Face a esta realidade, não surpreende que o Ministro da Saúde nos venha dizer que os 3,5% do salário que os beneficiários descontam hoje para a ADSE não são demais para responder às despesas crescentes do subsistema público para com o setor privado. Conviria acrescentar, que tal sucede apesar de, desde 2010, a ADSE ter deixado de contribuir financeiramente para o SNS, poupando assim cerce de 500 milhões de euros/ano (1). Mesmo desonerado, o subsistema já hoje ameaça ser financeiramente insustentável.

Surpreende sim que, ao invés de esclarecer e questionar a racionalidade de um sistema com estas características, o Governo considere alargar o universo público dos beneficiários da ADSE. Intenção rapidamente secundada por quantos pretendem utilizar as “virtudes” consumistas da ADSE para subverter o modelo de SNS constitucionalmente consagrado, propondo o seu alargamento a todos quantos desejem aderir a este subsistema público.

Omitem, porém, que a ADSE assemelhando-se mais a uma mútua do que a um seguro de saúde tradicional, só é sustentável num universo fechado. Em concorrência com as Seguradora ver-se-ia desnatada dos beneficiários de baixo risco e com maiores rendimentos, os prémios subiriam em flecha tornando-se rapidamente insolvente. De resto, num contexto de liberdade de escolha, não há história de Mutuas que tenham sobrevivido às leis do mercado de seguros, como sucedeu, por exemplo, nos EUA. Não tenhamos pois ilusões, a seguirmos este caminho a nossa Saúde ficará a cargo das Seguradoras e de um SNS ainda mais debilitado.

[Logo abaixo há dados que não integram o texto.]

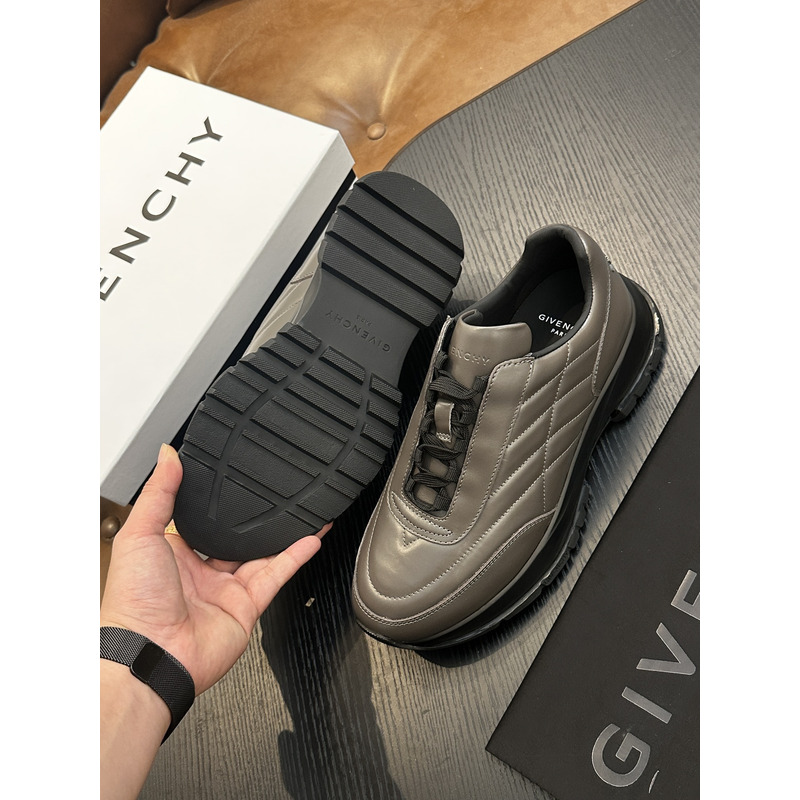 Givenchy Trainers Sneakers In Shiny Padded Leather In Metallic Silver Grey

Perguntar-se-á, será que tudo está bem com o SNS e nada justifica este desejo de liberdade de escolha do médico e onde se pretende ser tratado? Sendo defensor do modelo de SNS que temos, respondo abertamente não, não está tudo bem. Um SNS que não consegue garantir um médico de família a cada cidadão, está seguramente doente. Colmatar esta falha é, pois, a prioridade das prioridades.

Mas não chega, a anunciada e sempre adiada reforma hospitalar tem de sair de vez da gaveta. Não podemos continuar a conviver com tempos de espera clinicamente inaceitáveis para consultas de especialidade podendo, nalguns casos, ultrapassar o ano! O processo de referenciação tem de ser revisto e os hospitais avaliados pelas suas práticas. A progressiva separação de sectores, visando eliminar conflitos de interesses que todos sabemos existirem a coberto de códigos de ética permissivos, não pode ser mais adiada.

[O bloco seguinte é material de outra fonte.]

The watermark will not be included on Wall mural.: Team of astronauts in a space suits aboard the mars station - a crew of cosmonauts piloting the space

É, também, preciso prosseguir com reformas conducentes a uma maior integração de cuidados, maior transparência dos resultados com avaliação comparativa dos mesmos por sectores de atividade, visando melhorar a eficiência global do SNS.

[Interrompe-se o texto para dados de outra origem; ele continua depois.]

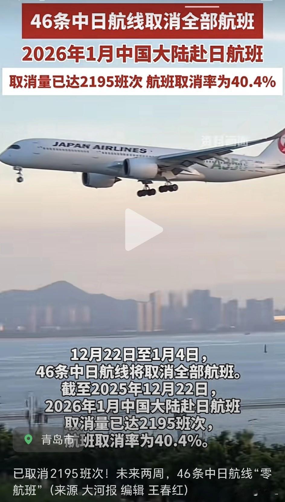 紧急避雷!接下来两周赴日航班46条线路全部取消!2026年1月赴日航班取消率目前已确认的高达40%,春节想去日本的懵了! 最近想飞日本的朋友,先别急着掏钱包——你订的航班,说不定已经“凭空蒸发”了! 最新数据显示,未来两周,整整46条中日航线被“团灭”,全部航班取消,波及中国26城和日本18个机场。取消率100%,简直是航线界的“集体失踪案”! 更扎心的是,明年1月大陆赴日航班已取消近2200班,每10班就有4班飞不了。航司早就“预警”:明年3月28日前日本机票可免费退改,这哪是福利,分明是“快跑”信号啊! 机票暴涨,酒店跳水,冰火两重天! 上海-大阪不含税票价,从11月的“白菜价”100元猛蹿到500元,翻得比煎饼还快。 而日本那边,大阪、京都酒店老板已哭晕:中国游客锐减,价格暴跌,营业额直接腰斩30%-40%……有民宿老板哀叹:“准备好的中文标语,现在只能对着空房间念了。” 眼看日本线凉凉,航空公司连夜把飞机往东南亚、澳大利亚调。泰国瞬间杀回寒假出境游C位,看来大家的旅行预算,终究是泼到了曼谷的泳池里。 时间线捋一捋: 👊11月15日:航司突然开放日本机票免费退改,旅客开始“大撤退”。 👊12月22日:数据爆出航班大规模取消,网友:“我的东京跨年梦,还没起飞就坠机了。” 👊12月23日:运力疯狂转向,“泰国免签”或成最大赢家。 👊明年1月:中日航线预计再砍28%,关西机场等“靠中国游客吃饭”的地方,怕是要喝一阵子北风了。 友情提示: 已经订了日本行程的,赶紧查航班、联系退票!还没订的,不妨换个目的地——毕竟,你的假期很贵,别浪费在“等不来的飞机”上。 再说,这个时候还要上杆子去给小日子送钱,对得起你护照上的国籍吗? 国家大义面前,普通人做不了什么惊天动地的事情,但是控制自己踏出国门的脚步应该还有这个自控力吧? 这个时候不给国家添堵,就是普通人的爱国! (悄悄问:今年春节,你准备改道去哪儿?评论区晒晒备用方案!) 信息来源于半岛都市报,侵联删!

Bem sei que todas estas medidas exigem financiamento e que estamos limitados pelos constrangimentos do País. Porém, também sei que há 500 milhões de Euros que desde 2010, anualmente, foram sub-repticiamente retirados ao SNS para alimentar o sector privado através da eliminação das relações financeiras com os subsistemas públicos. Trazê-los de novo à esfera do SNS é, pois, uma opção política.

 

1) É subscrito um memorando de entendimento pelos Ministros das Finanças e da Administração Pública, da Saúde, da Defesa Nacional e da Administração Interna, com o objectivo de eliminar-se as relações financeiras entre o Serviço Nacional de Saúde (SNS) e a Direcção-Geral de Protecção Social aos Funcionários e Agentes da Administração Pública (ADSE), o Instituto de Acção Social das Forças Armadas (IASFA), os Serviços de Assistência na Doença (SAD) da Guarda Nacional Republicana (GNR) e da Polícia de Segurança Pública (PSP). O Orçamento do Estado passa a financiar directamente o SNS. Como consequência deste memorando, a despesa da ADSE com o Serviço Nacional de Saúde passou de 420.585.000euros em 2009 para 49.974.200 em 2010.